Smutny, Daniel

Klaviersonate / Symphonie / Divertimento di «Ferne Nähe» / Streichquartett / Velouria (II)

Verlag/Label: WERGO Edition Zeitgenössische Musik des Deutschen Musikrats, WER 65862
erschienen in: Neue Zeitschrift für Musik 2013/02 , Seite 88

Musikalische Wertung: 5
Technische Wertung: 5
Booklet: 5

Zu leicht, der Musik Daniel Smutnys ein regressives Moment zu unterstellen. Tonales muss man bei ihm nicht suchen – es drängt sich quasi auf.
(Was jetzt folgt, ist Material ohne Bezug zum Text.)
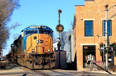 CSX Transportation (CSXT) SD70MAC puzzle, based on an original photo by Steven Mckay (photo copyright Steven Mckay -- used with permission). Photographed at Tipp City, Ohio, December 19, 2015.

Auch satt Romantisches kommt im Schaffen des 1976 in Mannheim Geborenenen immer wieder vor – seien es die virtuosen Elemente à la Rachmaninow und Chopin in der Klaviersonate von 2011 oder die düster-schweren Orchesterpassagen à la Bruckner oder Liszt in der Symphonie von 2012. Ist Smutnys Mu­sik also bloß eine – heutzutage so oft im Pejorativen beschriebene – «Ausdrucksmusik»? Oder bloß eine neoromantische Inauguration verbrauchter Kompositionsmittel unter der munter flatternden Fahne der Postmoderne?
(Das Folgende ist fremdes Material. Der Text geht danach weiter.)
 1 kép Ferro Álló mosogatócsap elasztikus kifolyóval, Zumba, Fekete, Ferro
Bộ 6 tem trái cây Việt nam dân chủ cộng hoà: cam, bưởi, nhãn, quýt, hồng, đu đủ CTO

Beides keineswegs! Beide Vermutungen zielen ins Leere schon deshalb, weil der Ausdruck so merkwürdig verschroben ist. Smutny scheint es ganz ernst zu meinen mit seiner seltsamen Form der Tonalität und seinen höchst originellen Reihungen, die ihren Sinn erst dann offenbaren, wenn man sich unter die Oberfläche oder besser: nicht an der Außen-, sondern der Innenseite des Klangs bewegt. Am Ende der Symphonie taucht ein markant ostinater Rhythmus auf, farbig vorangetrieben durch verschiedene Kombinationen der Instrumente. Es folgen Streicherkantilenen, dann wächst der vorangegangene Beat wieder aus dem orchestralen Dickicht hervor und führt erneut sein seltsames Eigenleben. Wieder ein Bruch. Ein tiefer Klavierton setzt schließlich den letzten Akzent – einen, in den alles Vorangegangene zu münden scheint, einen, der in seiner logischen Konsequenz etwas Unerbittliches hat.
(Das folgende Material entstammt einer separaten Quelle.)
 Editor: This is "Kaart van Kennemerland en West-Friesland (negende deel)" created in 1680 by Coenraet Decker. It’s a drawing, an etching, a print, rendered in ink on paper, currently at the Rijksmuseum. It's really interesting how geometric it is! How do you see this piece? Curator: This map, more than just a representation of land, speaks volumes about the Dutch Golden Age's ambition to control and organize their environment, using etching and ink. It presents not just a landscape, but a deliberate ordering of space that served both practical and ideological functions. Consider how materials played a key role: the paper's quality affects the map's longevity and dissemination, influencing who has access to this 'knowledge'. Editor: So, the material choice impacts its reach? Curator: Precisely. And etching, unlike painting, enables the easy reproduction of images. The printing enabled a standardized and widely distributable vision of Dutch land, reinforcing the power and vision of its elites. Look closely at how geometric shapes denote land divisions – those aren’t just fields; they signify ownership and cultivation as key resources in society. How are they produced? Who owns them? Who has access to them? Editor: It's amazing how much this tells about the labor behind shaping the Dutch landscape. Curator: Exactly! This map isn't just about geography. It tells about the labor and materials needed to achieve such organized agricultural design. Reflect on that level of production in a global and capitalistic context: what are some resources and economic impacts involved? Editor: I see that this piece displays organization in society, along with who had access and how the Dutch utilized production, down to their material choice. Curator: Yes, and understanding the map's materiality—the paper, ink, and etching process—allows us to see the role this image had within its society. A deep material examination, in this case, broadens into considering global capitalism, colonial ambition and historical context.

Vermutlich ist es solch stringente
– und schwer zu beweisende – musikalische Logik, die einen Teil des besonderen Tons bedingt. Hinzu kommt die seltsame Reibung zwischen Romantizismen einerseits und diesem so ganz unsentimentalen objektiven Ges­tus andererseits. In seinem hervorragenden Booklettext spricht Hans-Peter Jahn von «Trümmerlandschaften», die «trotz der Verwüstung die Facetten ihrer einstigen Kostbarkeit» zeigen. Smutny sei «der Baumeister, der aus Torsi und aus bemoostem Stein neue Skulpturen errichtet». Solche Worte treffen das «Phänomen» Smutny weit besser als irgendwelche Mutmaßungen über (Neo-) Tonalität oder (vermeintliche) Regression. Aber trotz aller virtuoser Musikdeutung bleibt ein Rest, etwas Unauflösliches, das sich besonders im «Divertimento di ‹Ferne Nähe›» (2011) oder im ersten Satz des Streichquartetts mit den Zitaten aus dem Beethoven’schen Spätwerk zeigt. Selten hat man in den letzten Jahren solch einen Ton vernommen – es ist ein herrlich entspannter, ein witziger, manchmal auch koketter, aber auf jeden Fall kein verbrauchter!